Assim, diferentemente do caso usual dos países que precisam vender moeda estrangeira para manter a taxa de câmbio, e eventualmente são forçados a abandoná-la por falta de reservas, o SNB não sofre tal restrição. Como tem o poder de criar toda a moeda local que quiser vender, ele seria capaz, desse ponto de vista, de sustentar indefinidamente o câmbio.
De uma perspectiva distinta, porém, há outro desafio, a saber, se será possível conciliar a meta para a inflação (“abaixo de 2%”, segundo sua definição de estabilidade de preços) com a promessa implícita de emissão sem limites de moeda para estancar a apreciação.
Em geral, isso não é factível, mas algumas condições específicas do caso suíço sugerem que, ao menos inicialmente, o SNB conseguirá servir a dois senhores.
A começar porque a inflação em 12 meses se encontra ao redor de 0,5% e tem ficado sistematicamente bem abaixo da meta desde o final de 2008.
Adicionalmente, a Selic alpina (Saron) se encontra próxima de zero, o que limita a capacidade do SNB de estimular a atividade econômica (e a inflação) pelos canais convencionais de política monetária.
Sob tais condições, a fixação de um valor mínimo para o euro -à medida que é também um compromisso de emissão de moeda- pode ajudar a trazer a inflação de volta a patamares próximos de 2%.

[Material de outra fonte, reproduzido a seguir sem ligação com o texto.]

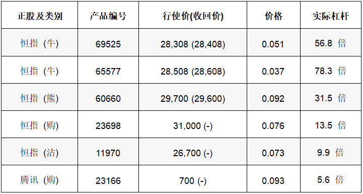 恒指昨日反弹至最高29596点,午后升幅收窄,走势维持在区间内反覆,短线或回试28800点水平,28300点为中短期重要支持。如看好恒指可留意牛证65577,收回价28608点,牛证69525,收回价28408点;认购证23698,行使价31000点。相反,如看淡可留意熊证60660,收回价29600点;认沽证11970,行使价26700点。
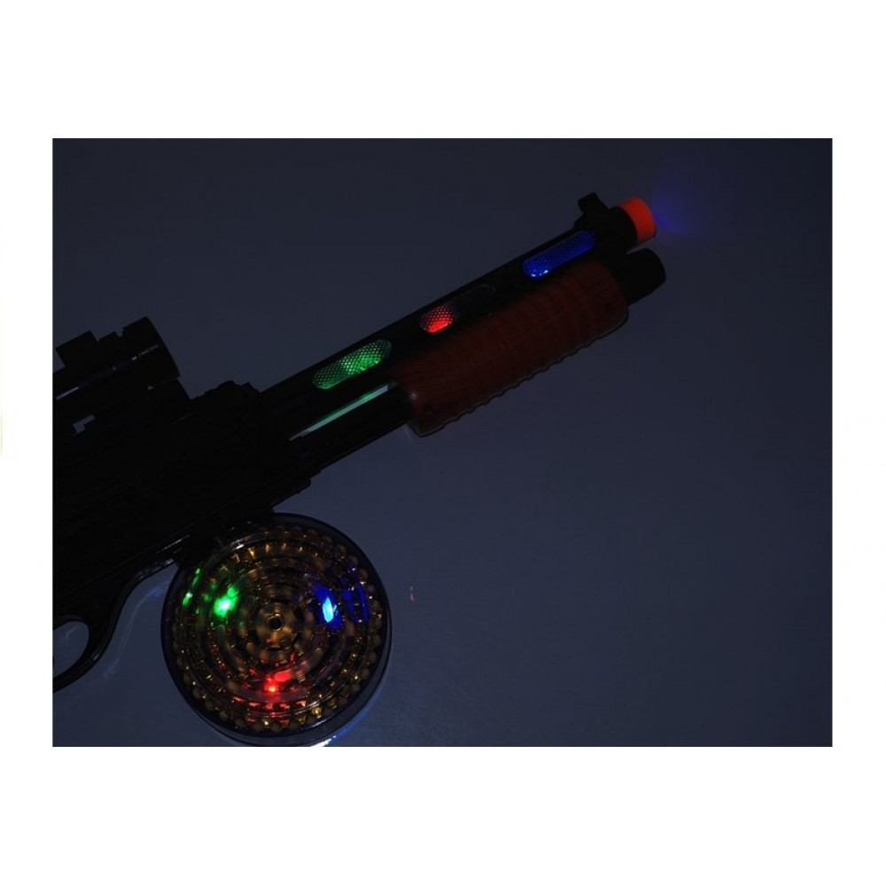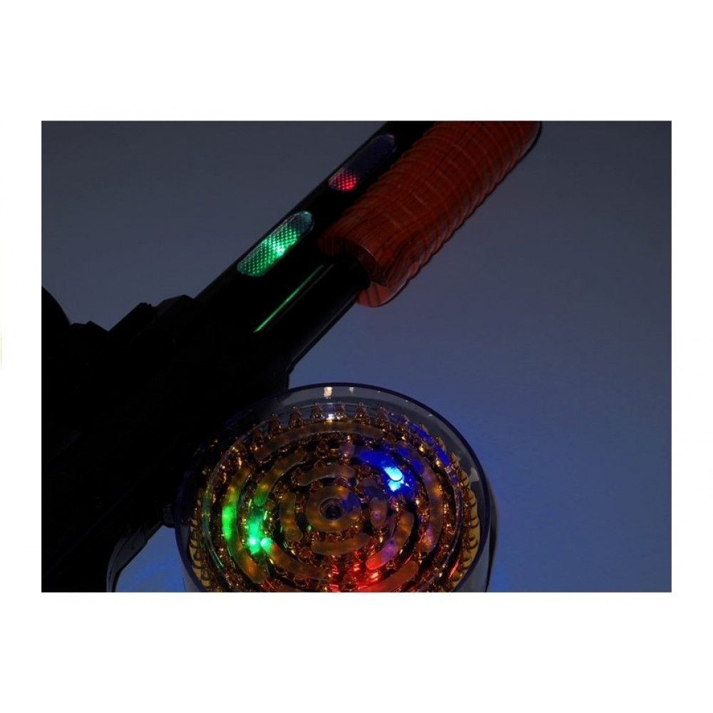 Puška AK-868 vyzerá skvele! Čierna štruktúra hračky je kombinovaná s hnedými prvkami napodobňujúcimi drevo, ako aj malou nádobkou na lesklé zlaté náboje. Je zaujímavé, že nádoba sa dá otáčať okolo svojej osi. V hornej časti pušky môžete ľahko namontovať zameriavač, ktorý je dodávaný so súpravou, vďaka čomu zameranie na vybraný cieľ nebude pre vaše dieťa nikdy problémom. Pažba zbrane je zakončená kontrastným oranžovým detailom so svietiacou diódou v strede, zatiaľ čo jej štruktúra obsahuje tri priehľadné panely, ktoré svietia pri zapnutí hračky červeno, zeleno a modro.. Okrem senzačných svetelných efektov sú veľkou výhodou detskej pušky aj zvuky, ktoré hru sprevádzajú. Tieto doplnky spestria každú z hier, vďaka čomu sa chlapci nebudú môcť na dlhý čas odtrhnúť od svojich interaktívnych pušiek.
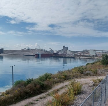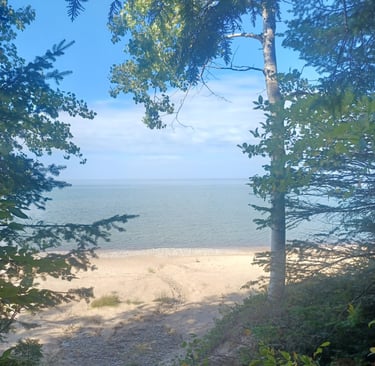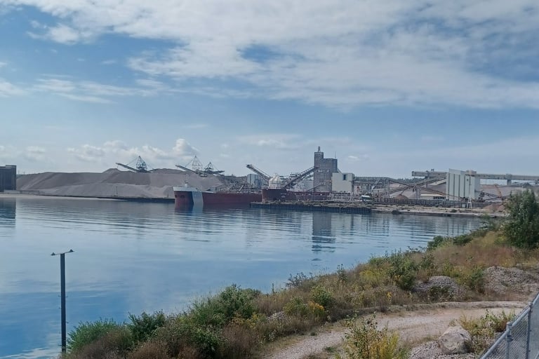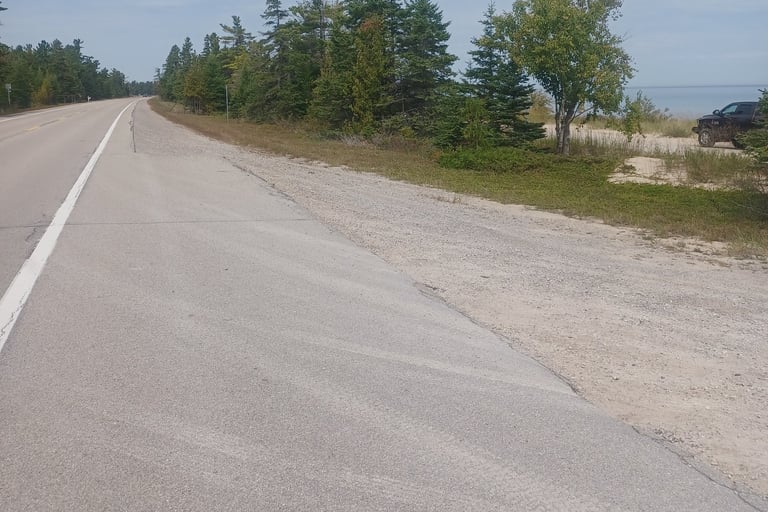 Alpena Marina was good for another fifteen-minute stretch before heading to Rogers City, MI, to see the largest limestone quarry in the world. It is called a calcite quarry, which grinds up the limestone and sorts it into various sizes. The stone is then transferred into self-loading ships at two docks. It turns out that Rogers City, MI, supplies the most Great Lake sailors of any city in the USA. While I was eating my lunch, two guys pulled up, and we struck up a long conversation. One was a retired postman, and the other was a county lawyer from Minnesota. I learned everything about being a postman. The postman was originally from Rogers City, but he lives an hour west. It turns out his father was a sailor and died in the 1965 crash of a calcite ship called the Cedarville that sank near the Mackinac Bridge. He took a look at my itinerary for the Upper Peninsula and noticed that I planned to see the Crisp Point Lighthouse. He took one look at my car and said it couldn’t handle the long dirt road to the lighthouse. He then recommended two other stops to replace it, and I thanked him.
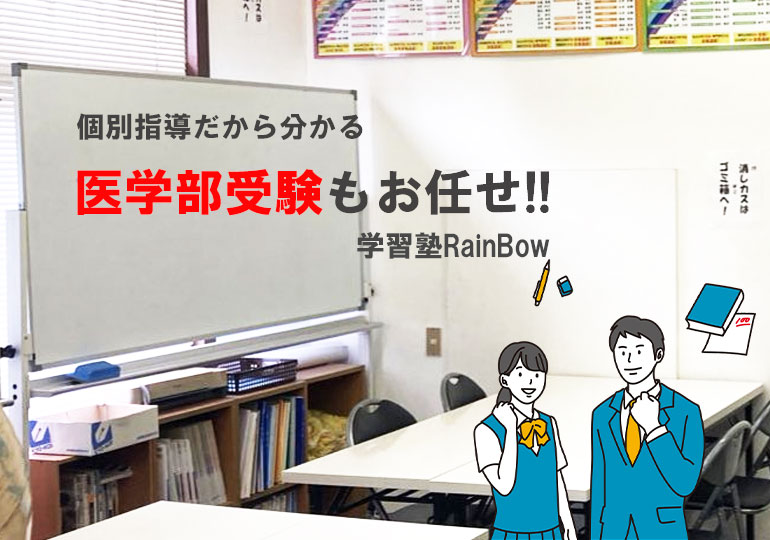 別府の学習塾RainBowは、少人数制の個別指導の塾です。 地域密着の塾で、質問がしやすいのが特徴です。理数系に強く、質問にすぐに答えてくれます。 鹿児島大学に進学した、ベテランの講師が丁寧に教えてくれます。 赤本や問題集の数は、大分の個人塾では一番!! 国立大学を目指しているご家庭には、とてもお勧めの塾です。 <<ここがポイント>> ・地域密着の塾 ・数学に強い ・大学受験にも強い ・小人数制の個別指導 ・とにかく質問がしやすい

Em outras palavras, essa política tem data de validade, dada pela velocidade de aproximação da inflação à meta. Quando houver sinais de convergência, as políticas colidirão, como de hábito, e o SNB terá de escolher uma delas, no caso, se meu palpite vale qualquer coisa, a meta da inflação.
Cabe notar, contudo, que o desemprego suíço não parece muito distante daquele compatível com a meta (a inflação baixa aparenta resultar mais da apreciação da moeda do que da baixa atividade doméstica), o que sugere a possibilidade de uma convergência mais rápida. De qualquer forma, a escolha não é para logo.
O caso suíço, por sua especificidade, ilustra bem os limites que a fixação da taxa de câmbio enfrentaria em outros países (penso, é claro, no Brasil, mas sugiro que olhem o que vem ocorrendo, por exemplo, em Hong Kong).
Onde a inflação já é elevada, uma tentativa de depreciação na marra da taxa de câmbio colidiria de saída com o objetivo de controle inflacionário, não apenas pela transmissão imediata dos preços internacionais aos domésticos, mas principalmente pela perda de autonomia da política monetária se formos levar a sério o compromisso de compra de toda moeda estrangeira.
Na prática, teríamos uma repetição, em escala maior, dos problemas observados no começo deste ano. Por um lado, deixaríamos de ter o efeito desinflacionário da moeda mais forte; por outro, a política monetária mais frouxa, no contexto de um mercado de trabalho bem mais apertado do que na Suíça, não precisaria de muito estímulo para se traduzir em maiores pressões sobre os preços domésticos.
No final, nem Michelangelo nem relógio cuco. Só uma aceleração inflacionária digna dos Bórgias.